General Responsibilities and Authority of Trustees
Prudent Man Rule:
Functions—preservation and productivity of trust res
A trustee acts in a fiduciary capacity (similar to an executor or administrator of an estate) with respect to specific property. The primary responsibilities of a trustee include preserving the trust res and making the trust property productive.
Preservation of the trust res involves identifying and segregating the property and safeguarding it while performing the trustee’s other functions during the course of the administration. Productivity is an on-going duty to make the trust property productive. Generally, a trustee has a broader investment responsibility than an executor or administrator because the trustee can invest and manage the trust funds to produce income for the current beneficiaries.

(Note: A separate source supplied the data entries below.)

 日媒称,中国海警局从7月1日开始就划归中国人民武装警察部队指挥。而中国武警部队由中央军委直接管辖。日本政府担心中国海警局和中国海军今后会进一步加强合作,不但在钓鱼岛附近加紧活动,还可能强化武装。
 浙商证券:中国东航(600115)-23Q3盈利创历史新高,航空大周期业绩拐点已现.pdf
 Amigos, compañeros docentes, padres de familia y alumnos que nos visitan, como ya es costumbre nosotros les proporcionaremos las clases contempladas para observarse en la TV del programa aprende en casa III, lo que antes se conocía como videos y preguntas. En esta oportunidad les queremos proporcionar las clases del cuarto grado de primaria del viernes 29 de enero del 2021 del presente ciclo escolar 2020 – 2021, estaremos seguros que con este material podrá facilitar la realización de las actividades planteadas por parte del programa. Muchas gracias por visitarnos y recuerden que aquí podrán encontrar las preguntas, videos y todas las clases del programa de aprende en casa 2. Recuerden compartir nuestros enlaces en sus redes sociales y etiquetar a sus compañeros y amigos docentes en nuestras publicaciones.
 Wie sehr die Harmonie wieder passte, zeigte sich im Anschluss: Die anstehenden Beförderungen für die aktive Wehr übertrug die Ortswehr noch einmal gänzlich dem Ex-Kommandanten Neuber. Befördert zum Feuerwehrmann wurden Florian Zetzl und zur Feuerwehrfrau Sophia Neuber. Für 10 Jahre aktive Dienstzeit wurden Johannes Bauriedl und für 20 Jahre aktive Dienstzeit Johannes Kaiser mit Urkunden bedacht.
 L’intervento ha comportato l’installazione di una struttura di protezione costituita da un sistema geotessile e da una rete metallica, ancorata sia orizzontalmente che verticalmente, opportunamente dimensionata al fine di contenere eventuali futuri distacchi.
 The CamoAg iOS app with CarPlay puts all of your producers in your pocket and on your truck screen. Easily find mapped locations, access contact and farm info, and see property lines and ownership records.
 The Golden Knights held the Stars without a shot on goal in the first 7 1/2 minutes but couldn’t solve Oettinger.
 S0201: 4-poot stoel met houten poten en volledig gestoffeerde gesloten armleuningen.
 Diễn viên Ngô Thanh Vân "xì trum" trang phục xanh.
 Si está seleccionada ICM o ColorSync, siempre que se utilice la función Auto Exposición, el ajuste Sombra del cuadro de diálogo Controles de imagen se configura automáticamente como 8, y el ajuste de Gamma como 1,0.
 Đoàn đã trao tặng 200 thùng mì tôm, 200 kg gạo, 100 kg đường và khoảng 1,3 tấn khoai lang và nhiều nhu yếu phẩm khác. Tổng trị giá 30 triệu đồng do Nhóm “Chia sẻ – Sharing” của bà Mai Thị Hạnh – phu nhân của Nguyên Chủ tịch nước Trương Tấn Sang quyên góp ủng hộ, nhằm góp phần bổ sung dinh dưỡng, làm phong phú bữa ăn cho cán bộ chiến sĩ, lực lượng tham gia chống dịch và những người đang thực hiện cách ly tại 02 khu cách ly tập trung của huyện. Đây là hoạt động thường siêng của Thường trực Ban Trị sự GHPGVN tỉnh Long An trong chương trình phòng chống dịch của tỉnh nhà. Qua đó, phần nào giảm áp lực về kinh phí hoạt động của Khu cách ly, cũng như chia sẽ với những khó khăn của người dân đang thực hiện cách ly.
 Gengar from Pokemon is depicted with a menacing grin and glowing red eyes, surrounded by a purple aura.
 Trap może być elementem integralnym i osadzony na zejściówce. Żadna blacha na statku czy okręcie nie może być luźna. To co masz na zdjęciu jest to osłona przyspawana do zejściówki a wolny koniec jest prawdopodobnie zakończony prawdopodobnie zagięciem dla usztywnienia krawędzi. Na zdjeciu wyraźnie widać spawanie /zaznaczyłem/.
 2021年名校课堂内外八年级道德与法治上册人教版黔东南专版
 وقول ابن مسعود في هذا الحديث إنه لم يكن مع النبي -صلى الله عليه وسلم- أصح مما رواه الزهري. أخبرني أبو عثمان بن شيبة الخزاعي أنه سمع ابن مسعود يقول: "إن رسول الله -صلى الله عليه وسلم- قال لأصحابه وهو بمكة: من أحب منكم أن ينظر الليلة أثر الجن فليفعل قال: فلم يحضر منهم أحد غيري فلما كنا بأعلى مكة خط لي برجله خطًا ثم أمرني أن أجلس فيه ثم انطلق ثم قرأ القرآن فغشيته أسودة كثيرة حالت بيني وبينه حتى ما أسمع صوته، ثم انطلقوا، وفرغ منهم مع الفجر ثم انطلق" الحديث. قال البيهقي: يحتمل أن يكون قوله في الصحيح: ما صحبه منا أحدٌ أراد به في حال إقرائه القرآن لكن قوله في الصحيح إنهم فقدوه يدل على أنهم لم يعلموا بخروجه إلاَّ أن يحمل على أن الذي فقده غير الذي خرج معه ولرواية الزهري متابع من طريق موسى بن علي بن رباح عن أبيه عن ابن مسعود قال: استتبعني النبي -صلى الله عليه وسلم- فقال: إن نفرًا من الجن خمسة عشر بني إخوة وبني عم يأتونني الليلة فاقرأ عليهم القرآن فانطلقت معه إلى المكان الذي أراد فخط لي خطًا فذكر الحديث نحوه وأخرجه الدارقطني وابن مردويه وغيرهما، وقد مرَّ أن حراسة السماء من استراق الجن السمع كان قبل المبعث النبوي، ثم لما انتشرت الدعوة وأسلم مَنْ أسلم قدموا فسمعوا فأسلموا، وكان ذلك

Since the trustee is acting in the beneficiaries’ best interests, the duties of preservation and productivity require the trustee to be impartial in his or her dealings, which requires the trustee to balance the terms, purposes and priorities of the particular trust in light of each beneficiary’s interest. In this balancing act, the trustee must struggle with the dual responsibility of preserving the trust corpus while producing adequate returns for the trust assets.
Trust terms and sources of trustee’s powers
As previously stated, the trust agreement is the main source of the trustee’s power and guideline for the trustee’s conduct. As such, the trustee must have a thorough understanding of its content in order to adhere to those dictates while administering the trust.
Another source of the trust terms and the trustee’s power is the law of the state where the trust is located. States often have statutes or judicial precedents that expressly confer certain requirements on the trustee.
Standards of fiduciary conduct
A trustee’s duties are owed exclusively to the beneficiaries of the trust. These duties are enforceable by the beneficiaries and violations of the trust’s terms may lead to the trustee being removed or surcharged for mismanagement of the trust’s assets. The basic standards of fiduciary conduct include:
- Duty to obey trust terms;
- Prudence—standards of care, skill and caution;
- Duty of loyalty; and
- Duty of impartiality.
In addition, if a transaction concerns the interests of the beneficiary, the trustee must disclose to the beneficiary all relevant facts, including the legal rights of the beneficiary.